It was a hard time, but I'd rather have the really hard stuff
than to never know what I know now.”
-Sheryl Crow

I've recovered from January's surgery and from the subsequent radiation treatments.   Life started to return to normal and I was finally to the point where the first thought that popped into my mind in the mornings did not always involve the word “cancer.” Unfortunately, I was only able to enjoy this feeling for about a month before hitting what my doctor describes as “a little bump in the road.”

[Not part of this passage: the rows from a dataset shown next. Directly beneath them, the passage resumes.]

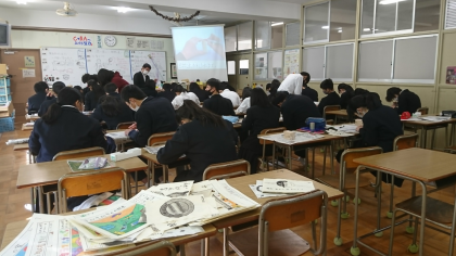 本日の授業風景です。上の写真から1年1組家庭科、2年2組音楽、3年3組美術(篆刻制作)です。寒さが厳しくなってきました。体調管理には十分気をつけてください。
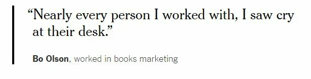 "The article goes further than reporting isolated anecdotes. It claims that our intentional approach is to create a soulless, dystopian workplace where no fun is had and no laughter heard. Again, I don't recognize this Amazon and I very much hope you don't, either. More broadly, I don't think any company adopting the approach portrayed could survive, much less thrive, in today's highly competitive tech hiring market. The people we hire here are the best of the best. You are recruited every day by other world-class companies, and you can work anywhere you want."
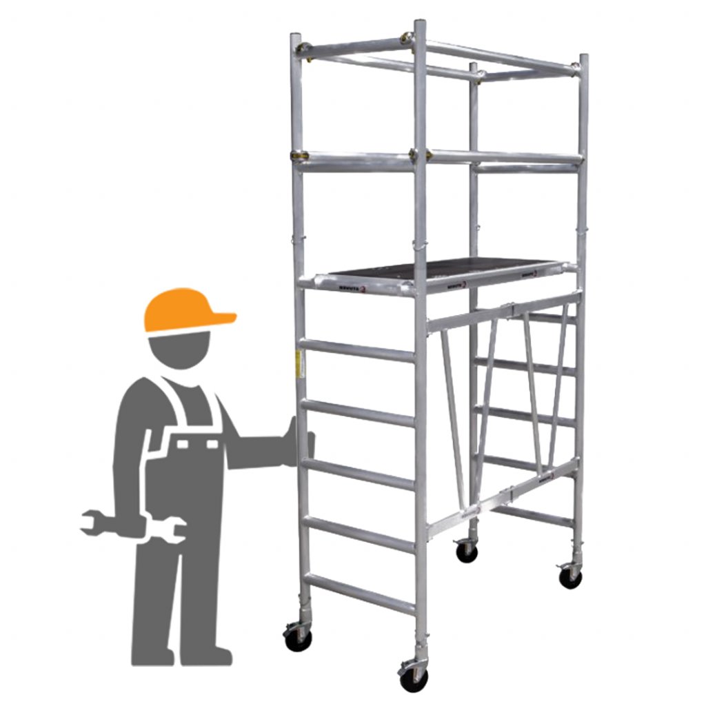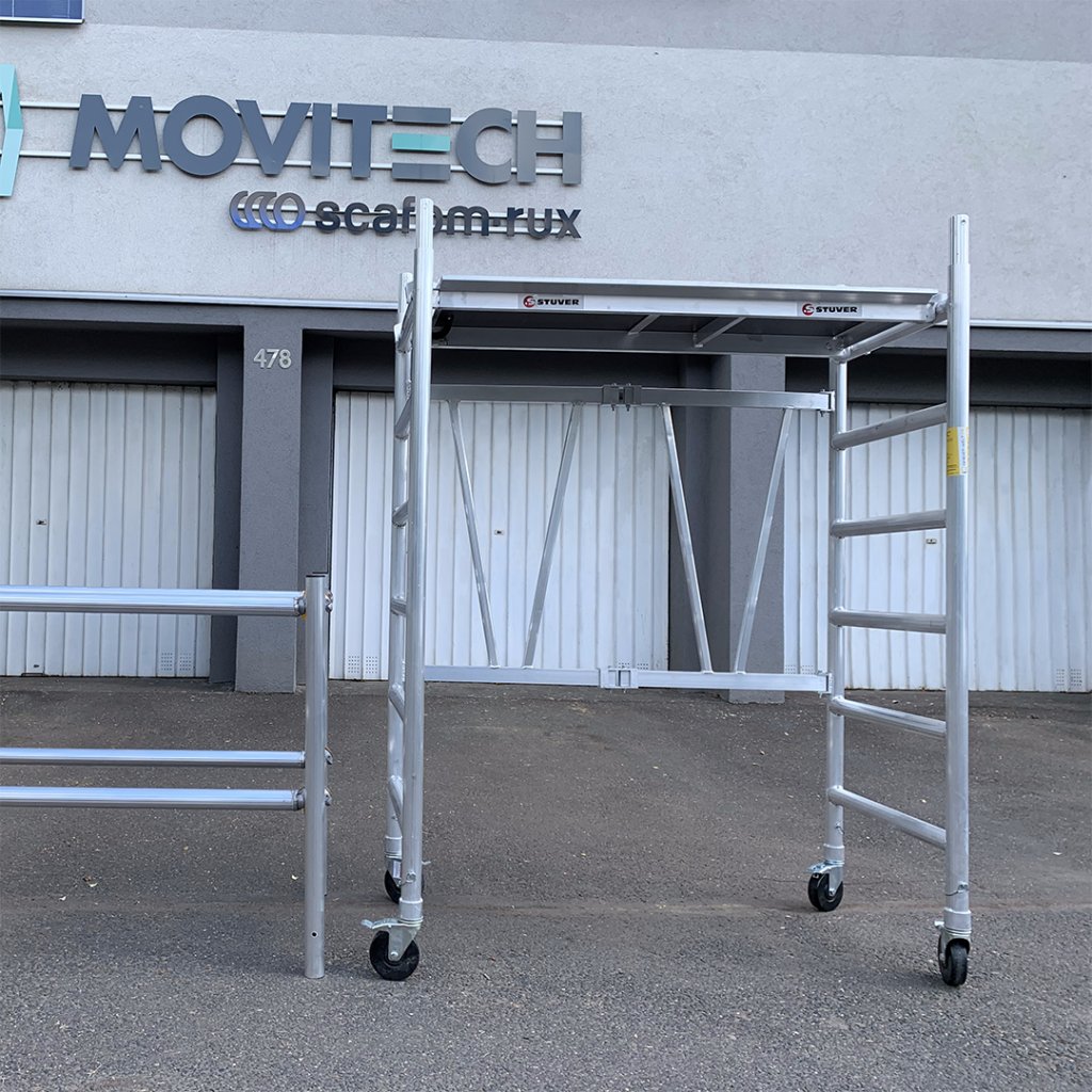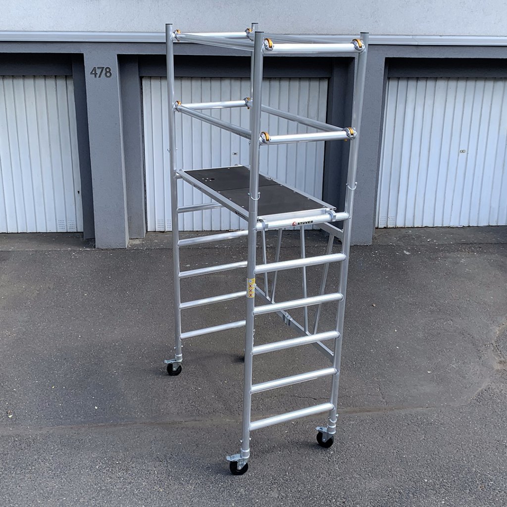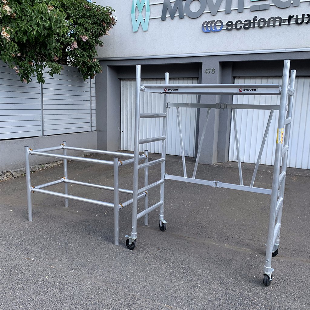Hliníkové mini-lešenie Stuver ja skladacie pojazdné lešenie vhodné do interiérov aj exteriérov. Svojim vlastníkom ponúkne nízku hmotnosť a robustnú konštrukciu. K jeho stavbe nebudete potrebovať žiadne náradie a manipulovať s ním pohodlne zvládne jedna osoba. Toto lešenie nemá diagonálnu tyč, ktorú môžete nájsť u konkurenčných lešení, a ktorá bude zároveň tým najdlhším prvkom konštrukcie, takže ho rýchlo a jednoducho zložíte do veľmi kompaktných rozmerov. Zložená konštrukcia sa zmestí do väčšiny automobilov so sklopnými sedadlami.
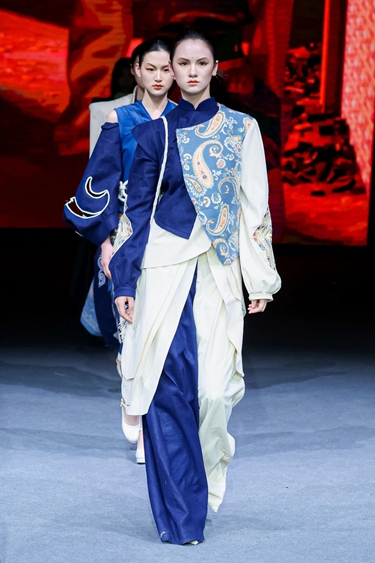 展演汇聚24位毕业生虚拟时装视频作品与33套数字实物成衣,涵盖数字建模、三维渲染、AI视觉创意与虚拟营销全链条,集中呈现在教学改革与产教融合方面的最新成果。展演分为“Ancient Echo历史回响”“Digital Pulse数字加载”“Soul Achieve灵魂存档”三个核心系列,分别聚焦文化传承、科技应用与情感表达主题。本场秀演由时尚传播学院表演专业学生进行演绎并参与编导。
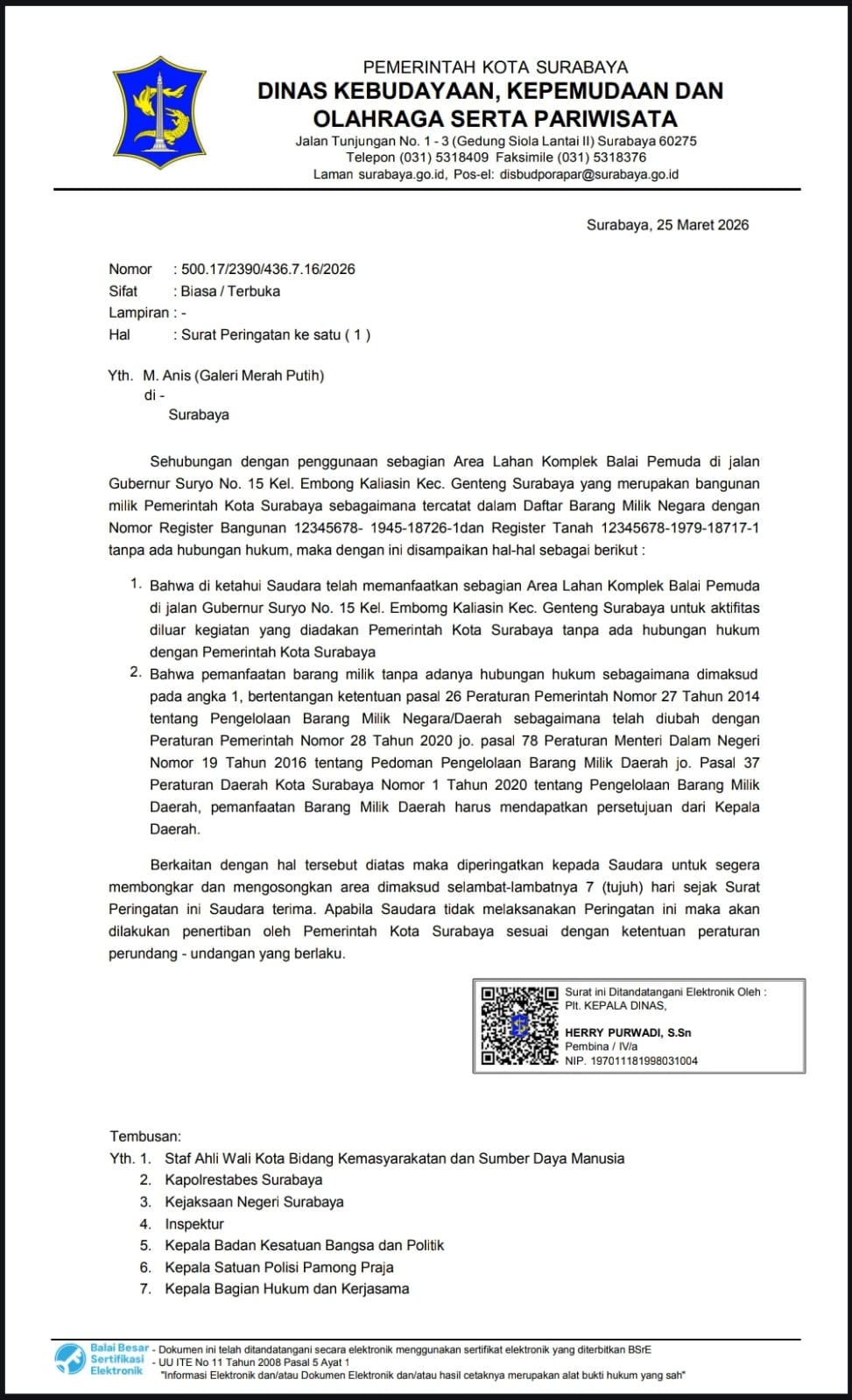 Bahkan sebelum itu, pada tahun 1968, Akademi Seni Rupa Surabaya (Aksera) telah menjadikan ruang di Balai Pemuda sebagai tempat berkegiatan, sebagai lembaga pendidikan seni rupa bergaya sanggar yang melahirkan banyak pelaku seni ternama.
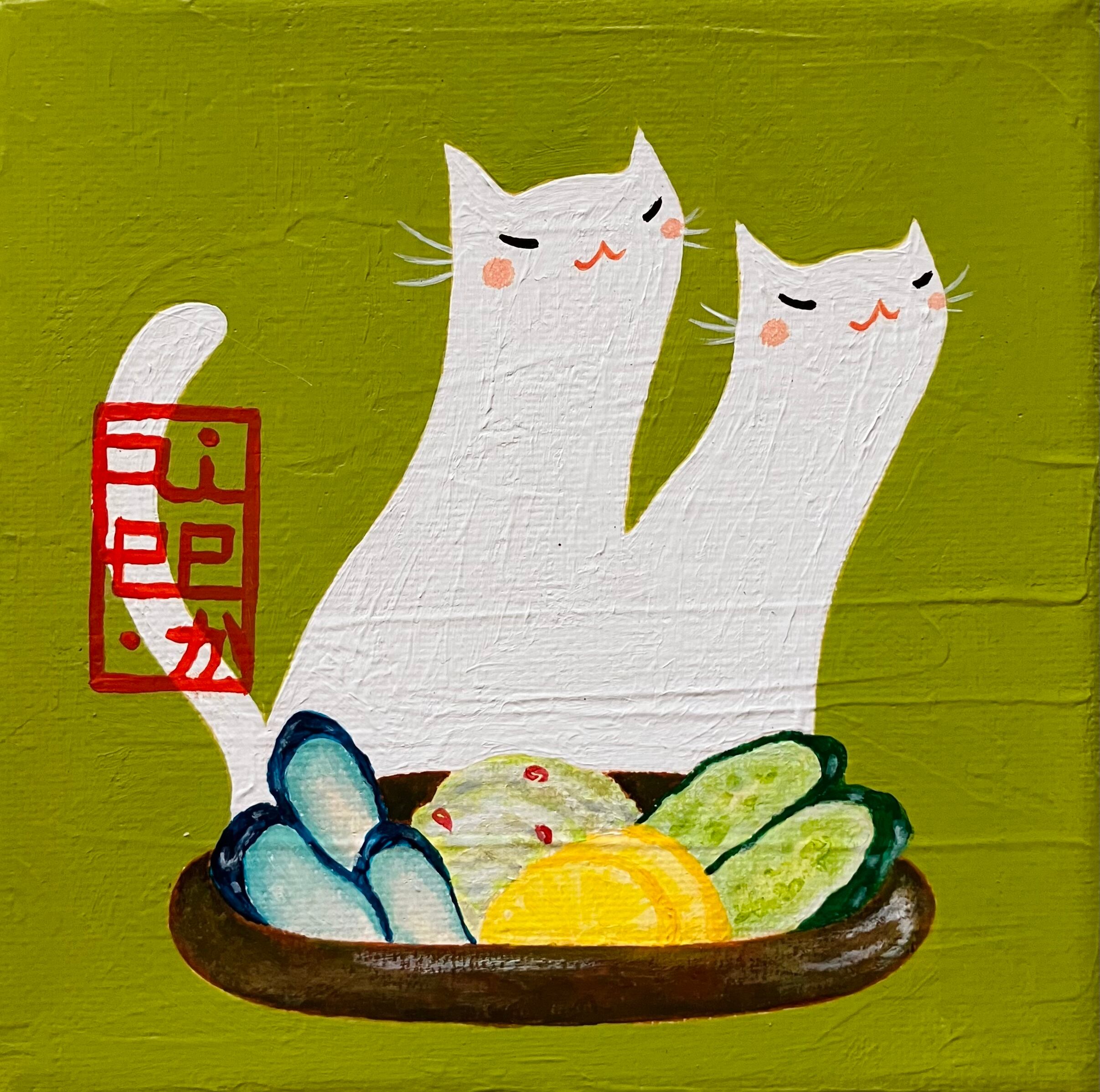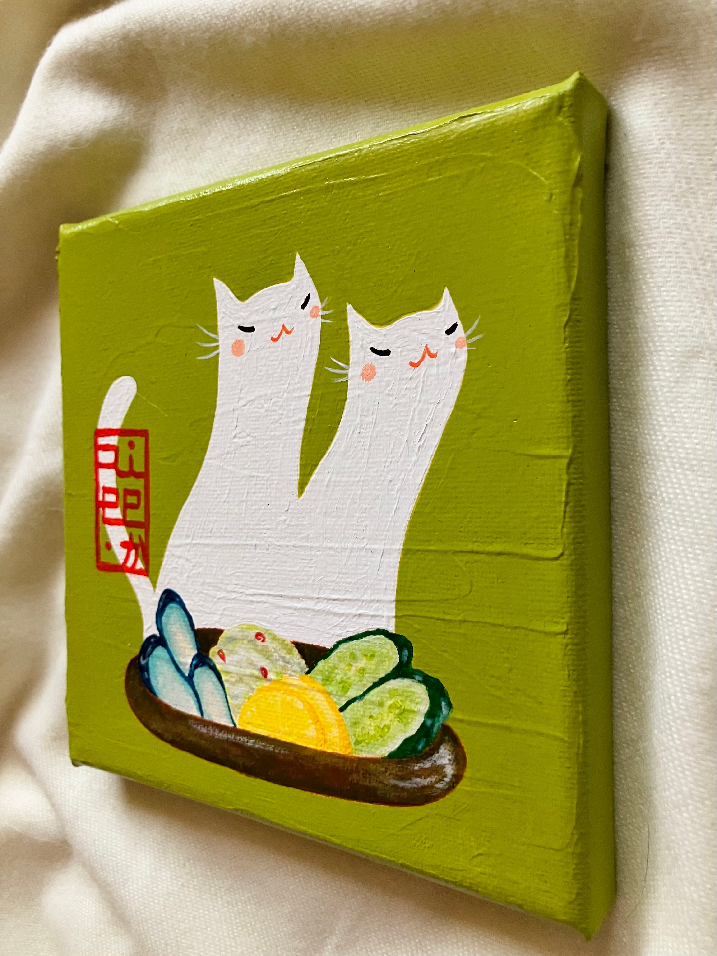 猫 白猫 お漬物 朝食 朝ご飯 和食 彩り インテリア 心温まる

I have blood drawn monthly to test for something called a "tumor marker." The tumor marker that we're following in my case is “CA 27.29.”  It's a protein that some breast cancer cells produce and shed into the bloodstream. If tumor markers decrease, it is a good sign that the cancer is responding to the therapy. An increase can be, but is not always, worrisome. It may indicate that the cancer is resisting treatment, but there are also other non-cancerous diseases that can cause the test results to vary.  Link to "Tumor Markers: Q&A"

In February, my tumor markers were completely normal for the first time. (Hooray!) May's blood test showed a slight increase in the markers and there was an increase again in June. Given that the markers were up for two months in a row, we decided that a PET scan was in order to see what was happening.  Link for information on the PET scan process

On a positive note, the scan showed that all of the original lesions are showing inactive. (Hooray!) I went from having lesions that were “too numerous to count” to being inactive in less than a year. One concern is that there is one small active lesion that has appeared in my liver. I started with multiple spots in my liver, but this one doesn't show on any prior scans and seems to be new. The assumption is that this is a new cancer lesion that, for some reason, is not responding to treatment. There's a slight chance that it could be something completely unrelated, but that's pretty unlikely given my situation.

So, what do we do now? We've changed my medication and will re-scan again in September. My oncologist is very optimistic and is expecting to see a completely clear scan by then. I had to delay my second surgery because of radiation therapy, but it's finally been scheduled for early August.   I met with my integrative care physician (who, by the way, is absolutely awesome) to continue to work on diet and nutrition. I am very encouraged to hear that he thinks I'm doing all of the right things....I've drastically changed my diet, increased my physical activity, and practically eliminated my exposure to the chemicals found in household cleaning and personal care products.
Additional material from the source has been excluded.